Back to Front and Upside Down!
- Author: Claire Alexander
- Illustrator: Claire Alexander
- Language: English
- Genre: Children's book
- Publisher: Eerdmans Books for Young Readers
- Publication date: 6 June 2012
- Publication place: England
- Media type: Print (Hardcover)
- Pages: 26
- ISBN: 978-0-8028-5414-8

= Back to Front and Upside Down! =

2012 picture book by Claire Alexander

Back to Front and Upside Down! is a picture book for children by British novelist Claire Alexander. The book deals with the difficulty some children might face when learning how to write. Alexander was awarded the Young Readers' Schneider Family Book Award in 2013 for her work.

== Premise ==

Students in a reading circle are invited to the principal's birthday party. Their teacher suggests they write the principal a "Happy Birthday" card. While trying to write the card, one of the students realizes his letters will sometimes be back to front, sometimes upside down and sometimes won't look like letters at all.

== Reception ==

The book received mixed reviews, with one of them noting that it could be specially useful for students with dyslexia.

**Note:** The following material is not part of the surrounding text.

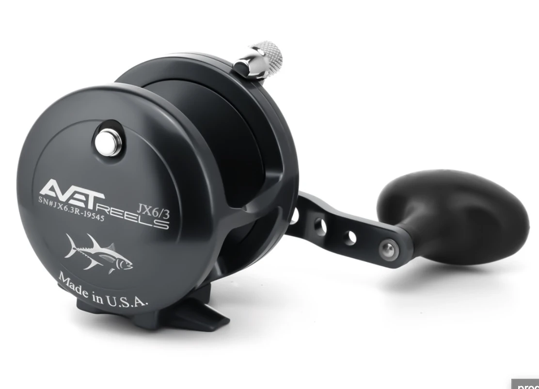 Avet Reels proudly produces aluminum lever drag reels right here in the USA. These reels are known for their usage on the west coast for casting on Long Range style fishing trips. Here in the Northeast, we like to use the JX 6/3 as a jigging reel for tunas, and other hard-fighting species. Some people refer to this model as the Jigging-X. Due to the size and line capacity of these reels, they are also a good choice for cod fishing and tilefishing purposes.

Writing for Kirkus Reviews, the author comments that the handwritten letters found throughout the book can be hard to read, and shouldn't be emulated by readers. They also note that the character's fast improvement is "too good to be true", but ends the review by saying the book's message that everyone needs to ask for help sometimes is very clear.

Alexander was praised for using progressively darker colors for the drawings to convey the character's "emotional turmoil and isolation" due to their inability to write the card and fear to ask for help.

In 2013, Back to Front and Upside Down! was awarded the Young Readers' Schneider Family Book Award. The book also received the Paterson Prize for "Continued Excellence in Children's Literature", awarded by the Passaic County Community College's Poetry Center.